MAVts is designed for analysis of models' forecasting performance. MAVts provides simple baseline solutions for time series forecasting (including forecasting using the last observation or a rolling average of past observations). MAVts also provide novel algorithms to identify and visualize speical time series periods of interst and evalaute model's performance on these specifical periods.

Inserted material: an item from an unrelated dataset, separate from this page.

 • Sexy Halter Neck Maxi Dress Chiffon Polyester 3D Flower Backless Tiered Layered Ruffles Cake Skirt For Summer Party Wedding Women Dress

MAVts could be used to analyze the performances of various time series forecasting models (including but not limit to data-driven machine/deep learning models, process-based forecasting models; stastical time series forecasting models).
Specifically, this python package provides:
- methods to mark periods of interest in time series, such as an up or down period, interpolated or possibly manipulated data period, and peaks and bottoms (Figure 1 as an example) (
./src/mavts/mark.py
) - methods to conveniently visualize the periods of interest as a filmroll of the time series (Animation below as an example) (
./src/mavts/vis.py
). - methods to analyze the predictions in each period of interest separately (
./src/mavts/vis.py
) - methods to compare side-by-side the predictions and error of two models (Figure 2 as an example) (
./src/mavts/vis.py
) - methods to use the last observation or moving averages as baseline predictions (
./src/mavts/baseline.py
)
Figure 1: An example of identified up/down periods, peaks/bottoms, and interpolated periods from the forecasting target time series.
Animation: Filmroll of the time series with marked periods
Figure 2: An example of Visualization of model performance comparison between Gated Recurrent Units (GRU) and ARIMA
The package requirements are in ./requirements.txt
. Install them with
pip install -r requirements.txt
After that run:
pip install mavts
to install the package
If you wish to modify the source code, after installing the requirements, clone or download the git repository and do
pip install -e .
For testing we use pytest
.
After installing as above, the package can be used as:
from mavts import mark, vis, baseline
data = pd.read_csv('observations.csv', index_col=0, parse_dates=True).iloc[:, 0]
# to mark all periods of interest
all_data = mark.all_periods(data)
predictions = {}
# to obtain EWM baseline predictions
predictions["ewm"] = [baseline.ewm(data)]
# to obtain Last observation baseline predictions
predictions["last"] = [baseline.last(data)]
# to visualize the errors in each special period
vis.errors_by_periods(data, predictions, './plots/')
@article{XIA2024106164,
title = {Enhancing algal bloom forecasting: A novel framework for machine learning performance evaluation during periods of special temporal patterns},
journal = {Environmental Modelling & Software},
volume = {180},
pages = {106164},
year = {2024},
issn = {1364-8152},
doi = {https://doi.org/10.1016/j.envsoft.2024.106164},
url = {https://www.sciencedirect.com/science/article/pii/S1364815224002251},
author = {Wei Xia and Ilija Ilievski and Christine Ann Shoemaker},
}